Three methods of variable exchange and simple analysis and three methods of variable exchange

Three methods of variable exchange and simple analysis and three methods of variable exchange

There are two main ways to exchange two variables: With or without temporary variables. There are three simple algorithms for specific operations:

1,Algorithm with temporary variables

#include <stdio.h>int main(void){int a, b, t;scanf("%d%d", &a, &b);t = a;a = b;b = t;printf("a = %d, b = %d\n", a, b);return 0;}

2,Algorithm 1 without temporary variables ( Addition and subtraction)
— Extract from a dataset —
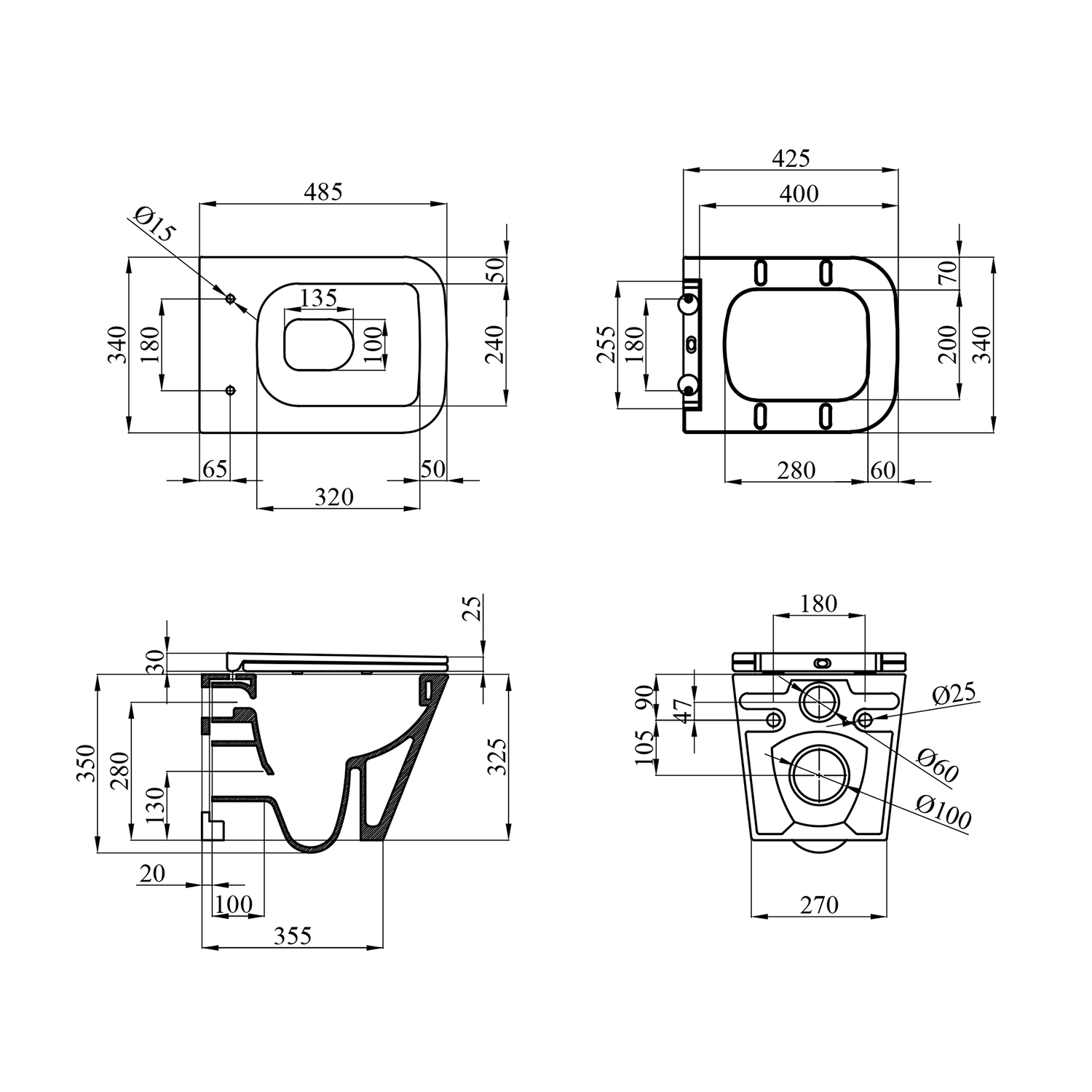 Описание Унитаз подвесной безободковый Kroner Eifel WHI493436 TORNADO с сиденьем код товару CV034923

#include <stdio.h>int main(void){int a, b;scanf("%d%d", &a, &b);a = a + b;b = a - b;a = a - b;printf("a = %d, b = %d\n", a, b);return 0;}

3,Algorithm 2 without using temporary variables ( Exclusive or operation)

#include <stdio.h>int main(void){int a, b;scanf("%d%d", &a, &b);a = a ^ b;b = b ^ a;a = a ^ b;printf("a = %d, b = %d\n", a, b);return 0;}

Summary: in normal use, the algorithm with the help of temporary variables is good enough. Algorithms 1 and 2 that do not use temporary variables look good (with less than one variable), but are rarely used because of its narrow Applicability: this can be done only when the addition, subtraction, or exclusive data types are defined. These two algorithms are only used to improve the ability to read code.

Exchange a and B without intermediate variables (three methods)

A = a-B
B = a + B
A = B-

A = a * B
B = a/B
A = a/B

How can I avoid using two parameters of a third-party variable exchange function?

This requires bitwise operations, which is troublesome,
It is often used to exchange values of two variables when learning programming languages and designing programs. Our practice is usually (especially in the learning phase): to define a new variable and use it for exchange. The Code is as follows:
Int a, B;
A = 10; B = 15;
Int t;
T = a; a = B; B = t;
This algorithm is easy to understand and is especially suitable for beginners to understand the characteristics of computer programs. It is a classic Application of Value assignment statements. In actual software development, this algorithm is simple and clear, and does not produce ambiguity. It facilitates communication between programmers. In general, you may encounter the problem of switching variable values, this algorithm should be used (hereinafter referred to as the standard algorithm ).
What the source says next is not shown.